Туклу била дрожь. Он попытался проглотить таблетку. У него все плыло перед глазами.
— Я знаю, на что они способны, — прошептал он. — Меня задержат в аэропорту, скажут, что неполадки с двигателем. Им нельзя доверять.
— Я им доверяю, — сказал Арони. — И я буду в самолете вместе с вами.
— Но чего ради? — взмолился Тукла. — У меня есть все. И теперь то, ради чего я трудился, пойдет насмарку.
— Теперь послушайте меня, Соботник; вы не против, если я буду называть вас Соботником? Чешский инженер, получивший практику на таком заводе, без труда найдет себе высокооплачиваемую работу и займет соответствующее положение в Англии или Америке. Откровенно говоря, вы должны быть счастливы, что вам представляется такая возможность. Не пройдет и года, как русские возьмут вас за горло и начнутся чистки, как в сталинские времена.
— А если я откажусь бежать?
— Ну, вы же знаете, как это делается. Вас переведут на какую-нибудь глухую электростанцию.
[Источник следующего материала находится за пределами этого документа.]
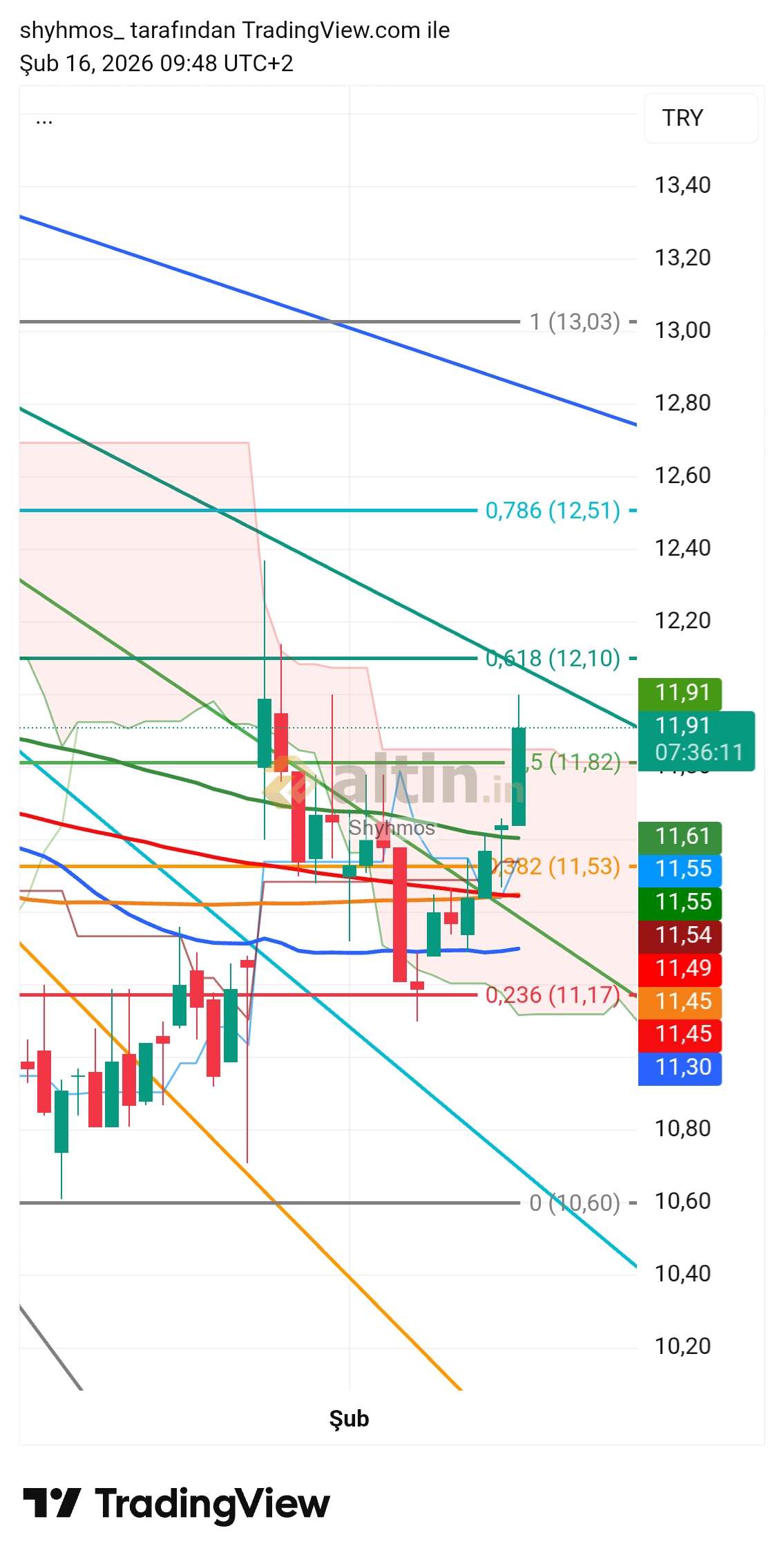 Günlükte 100ma yı da(11.51) geride bırakırsa ortalamalar tamam. Geriye önemli 12 seviyesi kalır bu seviye komayı da geride bırakır ki 12.37 hedefi için önemli eşiktir. Bu seviyeden sonraki tepeler ile önemli fib. Seviyelererine dikkat edilir.

Резко понизят в должности. Вашего сына внезапно исключат из университета. Возможно, сообщение о процессе Кельно заставит товарища Браника открыть какие-то старые досье... где лежат некоторые заявления относительно вас, датированные концом войны.
Тукла опустил голову на руки и зарыдал. Арони шептал ему прямо в ухо.
— Вы помните Менно Донкера. Он был членом подполья. Они ему за это отрезали яйца. Ну и... что же было, когда Кельно выяснил, что вы тоже были членом подполья?
Соботник замотал головой.
— Кельно заставил вас помогать ему, не так ли?
— Господи! — зарыдал он. — Я пошел на это всего лишь несколько раз. И я расплатился за все! Все эти годы я жил, как спугнутая крыса. Я бежал и скрывался. Я жил, боясь каждого шага, каждого стука в дверь.
— Ну, теперь, ваша тайна всем известна, Соботник, Вы должны оказаться в Лондоне. И из зала суда вы выйдете свободным человеком.
— О Господи!
— А что, если ваш сын узнает обо всем от кого-то другого, а не от своего отца. Вы же знаете, что он узнает.